A merger between two galaxies led to something unique, as the news brought by Daily Mail reveals. Research led by Durham University and with observations made with the Atacama Large Millimeter Array (ALMA) telescope of the European Southern Observatory reveals that after the collision, one of the galaxies ejects 10,000 Suns-worth of gas every year.

The leaking gas weakens the galaxy’s ability to form new stars

Behold an artist’s impression of the galaxy in question, the product of the collision between galaxies, and some of its gas that was ejected (image source: Daily Mail):

The galaxy is dubbed ID229, and the leaking of gas together with a large amount of star formation that occurs near the core will eventually deprive the single merged body of the possibility to give birth to new stars. Dr. Annagrazia Puglisi, the lead author of the study from Durham University’s Centre for Extragalactic Astronomy, declared:

We don’t yet know what the exact processes are behind the switching off of star formation in massive galaxies.

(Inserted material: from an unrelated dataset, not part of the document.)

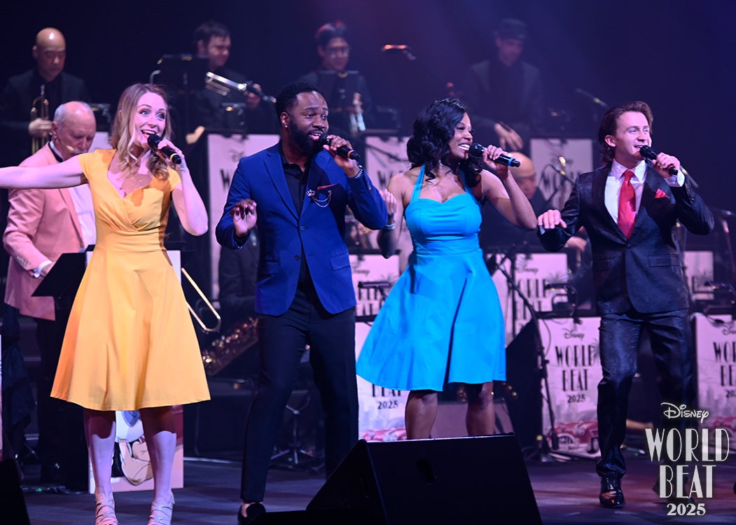 第1部の最後は、今年70周年を迎えるアメリカ・カリフォルニア州アナハイムにある「ディズニーランド・リゾート」から、アトラクションやショーに焦点を当てたスペシャル・メドレー。1950年代からテーマパーク内ではジャズのイベントが多数行われ、ウォルト・ディズニー本人もダンスを楽しんだといわれています。そんな時代のビッグバンド・ジャズの雰囲気をタイトルにした「デイトナイト・アット・ディズニーランド」より「レッツ・ダンス・アット・ディズニーランド」、日本でもお馴染みの「イッツ・ア・スモールワールド」より「小さな世界」、「ホーンテッドマンション」より「グリム・グリニング・ゴースト」、「魅惑のチキルーム」より「チキ・チキ・チキルーム」の4曲はシンガーたちの歌とダンスとともに。

Feedback driven winds from star formation or active black holes are thought to be the main responsible for expelling the gas and quenching the growth.

Our research provides evidence that the gas being flung from ID2299 is likely to have been tidally ejected because of the merger between two gas rich galaxies.

The scientists involved in the research had to look at more than 100 galaxies with the ALMA telescope to spot the unique event.

The new findings were published in the journal Nature Astronomy.